TLD stands for Top level domain. This is part of the protocol schema that allows the Internet to function. Within the TCP/IP stack, the former can be conceptualised as the envelope (holding a data packet) while the latter is the address. This then can either be in numeric or else in the more human friendly format: e.g. bitter-crank.blogspot.com, The TLD ".com" is an example of an address used by a commercial entity, while an address such as news.bcc,co.uk uses the TLD ".uk" to denote a site connected to the United Kingdom.

The background to this is at the dawn of the Internet era, such addresses like the technology itself were under the de facto control of the US, due to the ARPA funding of the research that laid the foundation of the Internet (see book "Where Wizards stay up late"). However in the 90s, as the US moved to divest itself of the full control of Internet policy, a body known as ICANN was contracted to handle such matters by the US Dept. of Commerce. This would allow a diverse and multi-stakeholder international model of Internet governance to emerge.
Following this, the collection of state TLD also includes that of countries such as Iran, Syria and North Korea: nations unfriendly to the US. According to the ICANN website, https://www.icann.org/resources/press-material/release-2014-11-12-en, a trial judge in the District of Columbia Circuit court dismissed an attempt to seize their TLDs as assets ( due to an alleged connection to State terrorism in a series of co-joined cases). The ruling' reasoning was that, as per the noted initial action of the Dept. of Commerce, the TLDs were held under a type of contractual right and hence outside the remit of the remedy sought by the Plaintiffs of the actions.

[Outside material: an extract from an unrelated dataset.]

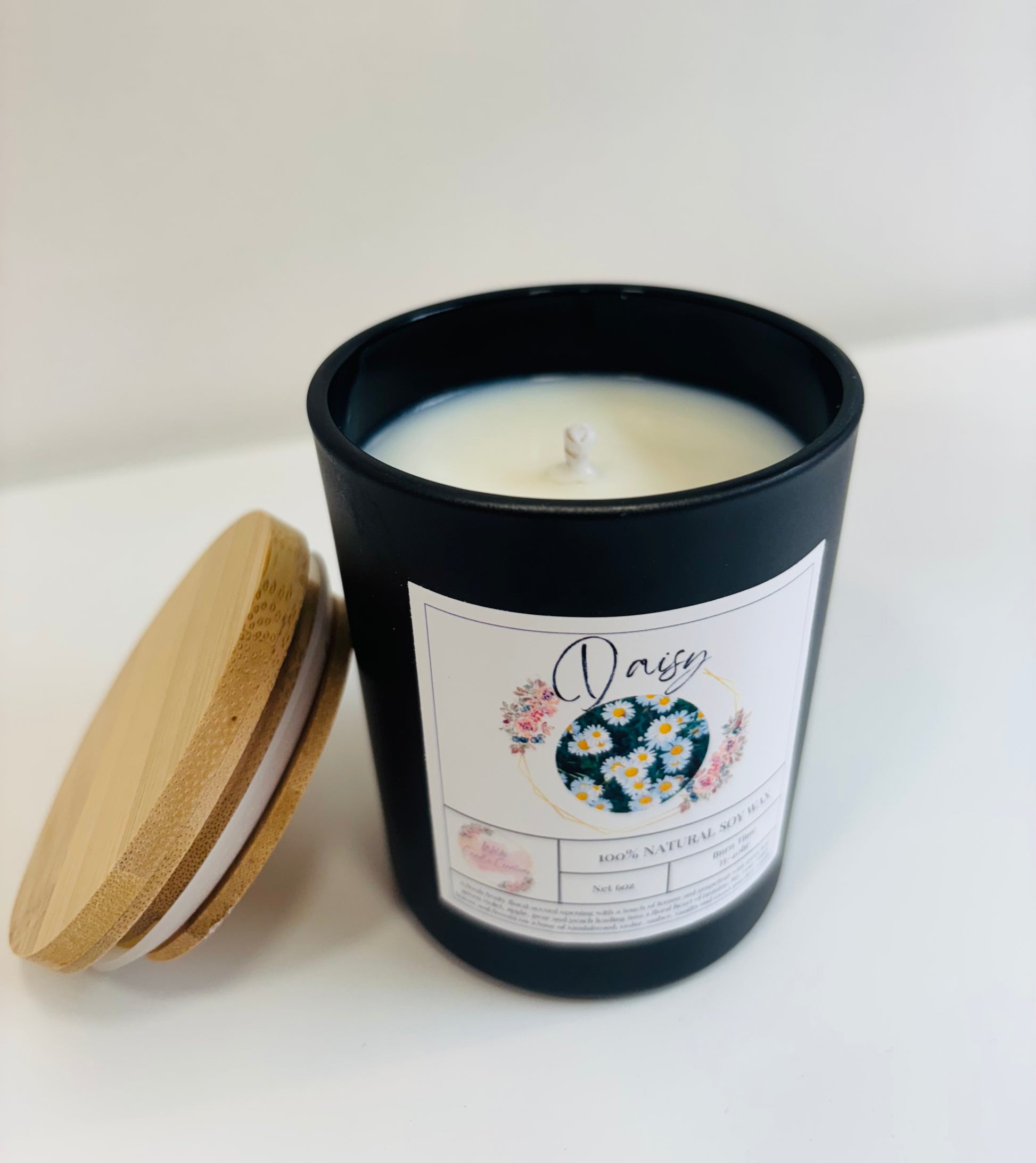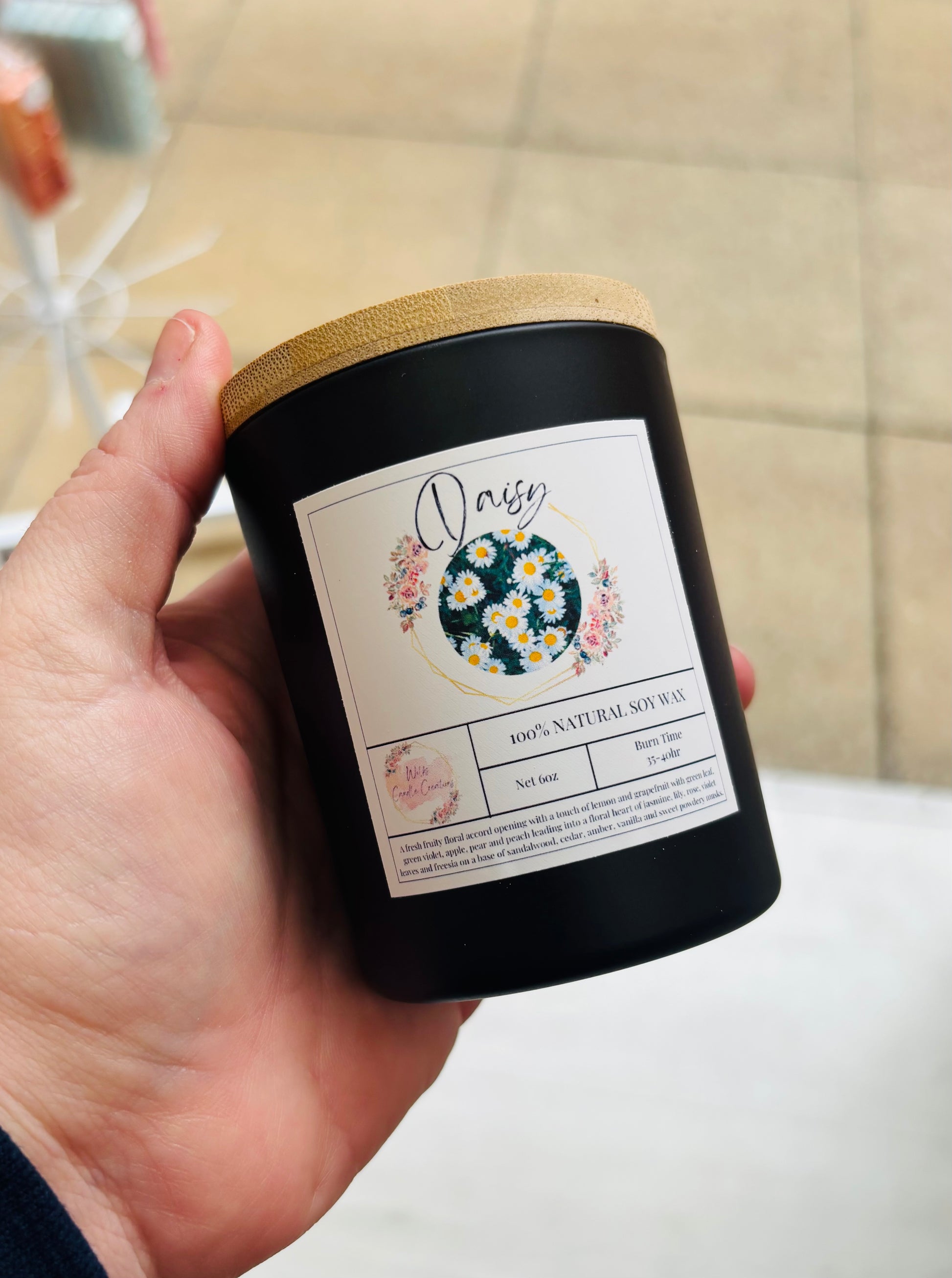 Daisy Soy Candle | Black Jar with Bamboo Lid | Hand-Poured 6oz

If the case had been decided an other way, what would have this resulted in? Not the destruction of the internet in those countries. As due to the hierarchical yet diffuse nature of the Web addressing, it should have been possible for those countries to retain the addressing, but be based on a new root system within their country. However this would be a fragmentation which both would have decreased the open nature of the web and could have potentially laid the foundation of other authoritarian countries to opt out of the ICANN framework. This could have had a crippling effect on the innovation potential of the web.